Reproduce all of the data exactly. Images are not to appear in the reply.

GIVEN INFORMATION:
<<<<

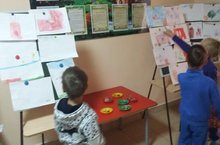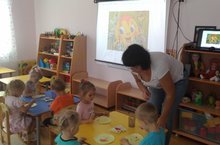 Во 2 младшей группе "Смешарики" в рамках недели хлеба прошли различные мероприятия: чтение тематических произведений, рассматривание картин, разгадывание загадок и др. С особым интересом малыши попробовали себя в роли художников, изображая в нетрадиционной технике при помощи пальцев всем известного сказочного персонажа Колобка. Воспитатель М.А.Лобанова творчески подошла к организации занятия, которое способствовало развитию наглядно-образного мышления, воображения, интереса к изобразительной деятельности. В конце занятия весёлые Колобки отправились на выставку
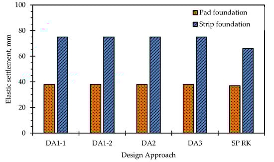 The divergence between the elastic settlement values is achieved by the application of different design methods and the determination of the vertical pressure acting on the foundation base. In particular, EC 7 estimates the settlement of shallow foundations using the adjusted elasticity theory, whereas Kazakhstani regulations use the method of layer summation. In addition, the obtained results of bearing capacity and elastic settlement for strip foundations indicate higher values than for pad foundations. The performed calculations for all types of soil profiles of Nur-Sultan city resulted in similar values for both the bearing capacity and elastic settlement of shallow foundations. However, the elastic settlement for strip foundations varied in the range of 66–69 mm when adhering to the Kazakhstani approach.
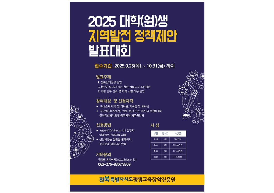 2025년 <대학(원)생 지역발전 정책제안 발표대회> 참가팀 모집
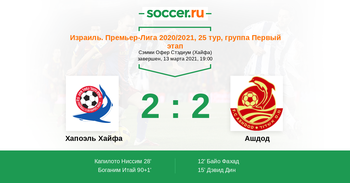 Израиль. Премьер-Лига 25.12.2021 Хапоэль Хайфа Логотип футбольный клуб Хапоэль Хайфа 2:1 Логотип футбольный клуб Ашдод Ашдод

>>>>

TASK OUTPUT:
 Во 2 младшей группе "Смешарики" в рамках недели хлеба прошли различные мероприятия: чтение тематических произведений, рассматривание картин, разгадывание загадок и др. С особым интересом малыши попробовали себя в роли художников, изображая в нетрадиционной технике при помощи пальцев всем известного сказочного персонажа Колобка. Воспитатель М.А.Лобанова творчески подошла к организации занятия, которое способствовало развитию наглядно-образного мышления, воображения, интереса к изобразительной деятельности. В конце занятия весёлые Колобки отправились на выставку
 The divergence between the elastic settlement values is achieved by the application of different design methods and the determination of the vertical pressure acting on the foundation base. In particular, EC 7 estimates the settlement of shallow foundations using the adjusted elasticity theory, whereas Kazakhstani regulations use the method of layer summation. In addition, the obtained results of bearing capacity and elastic settlement for strip foundations indicate higher values than for pad foundations. The performed calculations for all types of soil profiles of Nur-Sultan city resulted in similar values for both the bearing capacity and elastic settlement of shallow foundations. However, the elastic settlement for strip foundations varied in the range of 66–69 mm when adhering to the Kazakhstani approach.
 2025년 <대학(원)생 지역발전 정책제안 발표대회> 참가팀 모집
 Израиль. Премьер-Лига 25.12.2021 Хапоэль Хайфа Логотип футбольный клуб Хапоэль Хайфа 2:1 Логотип футбольный клуб Ашдод Ашдод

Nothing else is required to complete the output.